Josephine Jay

Josephine Jay is an associate in Goodwin’s Technology and Life Sciences group. Based in the London office, her practice focuses on privacy, data protection, and cybersecurity. She has considerable experience advising on a wide range of privacy compliance matters for clients at all stages of their development and across numerous sectors, including technology, life sciences, media and entertainment, funds and financial services.

Josephine has advised on all aspects of European data protection law, including international data transfers, online advertising strategies, cookies, use of sensitive and vulnerable data subject data, data sharing arrangements, internal and external policy creation and oversight, training and education programs, privacy-related certifications, and overseeing security incidents and breach notification procedures.

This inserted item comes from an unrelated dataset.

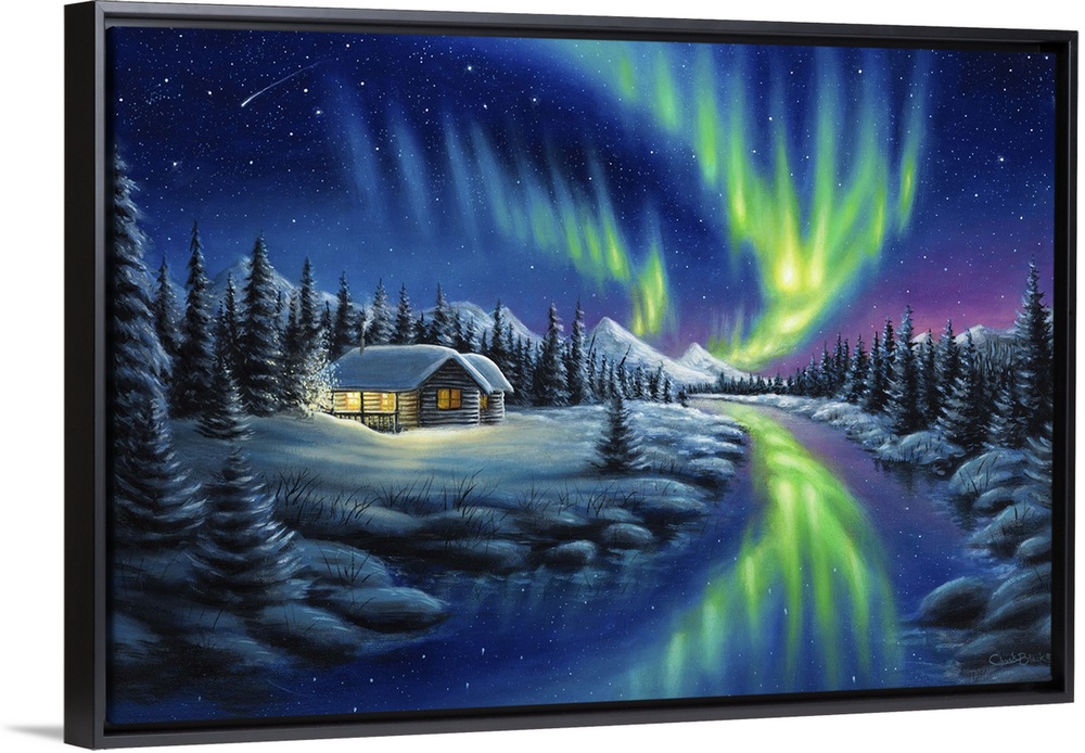 Art Chuck Black Blue Wall Art Contemporary Art Landscapes River, Creek and Stream Skyscapes Northern Lights Snowscapes Painting

• Advising a US clinical trials sponsor in connection with EU and UK clinical trials, including advising on the differing legal bases for each jurisdiction, drafting patient consent forms and notices, negotiating contracts with medical device suppliers, and negotiating contract terms with participating sites* 
• Advising the US provider of a health app on GDPR compliance, including the legal basis for processing special category data, drafting privacy policies, and advising on compliant contracting*
• Leading the GDPR compliance project for an Asian tech company, including: conducting data mapping across all products, establishing an internal privacy management and reporting structure, offering internal training, preparing customer facing privacy policies and advising on changes to user interfaces, and drafting internal policies and establishing internal processes to establish ongoing compliance*
• Leading the GDPR compliance project for a European mobile gaming company*
• Coordinating local counsel advice as part of a multi-jurisdictional review of privacy laws applicable to a global travel company*
• Advising the provider of online services targeting the EU and US markets on its use of children’s data, including advising on the use of ad tech, creating a privacy by design checklist, putting in place DPIAs and implementing privacy policy and user interface changes*
• Advising an online service provider on a multi-jurisdictional privacy investigation, including drafting and aligning regulatory responses*
• Guiding an international online service provider through a security incident, including advising on EU notification requirements, coordinating forensic investigations and advising on the maintenance of privilege, and implementing changes to the company’s incident response policies and procedures*
• Advising a global financial services company on privacy and wider cyber-security implications of web scraping as part of its acquisition of a US based intelligence company*
• Advising a provider of risk management products on employee/employer data protection considerations, including data subject requests, background checks and employee monitoring*
• Advising a US based pharma company on its implementation of a whistleblowing hotline in the UK and Europe, and coordinated a review for its launch in APAC*

*Denotes experience prior to joining Goodwin.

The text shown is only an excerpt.